(Recorded data Opens)
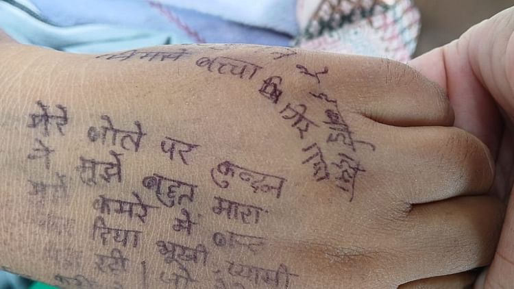 हाथ पर लिखा सुसाइड नोट।
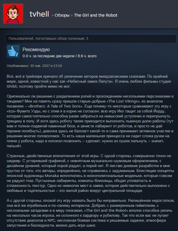 The Girl and the Robot – приключенческий экшен от 3-го лица, развивающийся в сказочной вселенной, где под ваше управление попадает молодая девушка, решившая сбежать из замка, находящегося под контролем злой королевы. По дороге ей встречается необычный робот с возможностью дистанционного управления. Вместе, им придется преодолеть ряд испытаний, которые сделают дружбу ними крепче. Переключайтесь между героями, выполняйте задания, проходите испытания и решайте головоломки. Вы будете исследовать удивительный мир, где поджидают враги, с которыми придется сражаться.
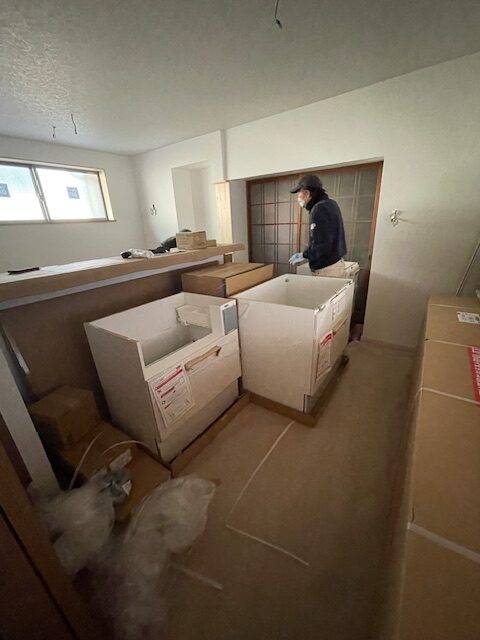 LDKリフォーム工事の菊池郡の家では、内装クロス工事が終わり
(Recorded data Closes)
◆ Required work: The lines running from the one with "The Girl and" to the close of the material above are to be retyped exactly; no picture is to be included.

◆ Worked solution:
 The Girl and the Robot – приключенческий экшен от 3-го лица, развивающийся в сказочной вселенной, где под ваше управление попадает молодая девушка, решившая сбежать из замка, находящегося под контролем злой королевы. По дороге ей встречается необычный робот с возможностью дистанционного управления. Вместе, им придется преодолеть ряд испытаний, которые сделают дружбу ними крепче. Переключайтесь между героями, выполняйте задания, проходите испытания и решайте головоломки. Вы будете исследовать удивительный мир, где поджидают враги, с которыми придется сражаться.
 LDKリフォーム工事の菊池郡の家では、内装クロス工事が終わり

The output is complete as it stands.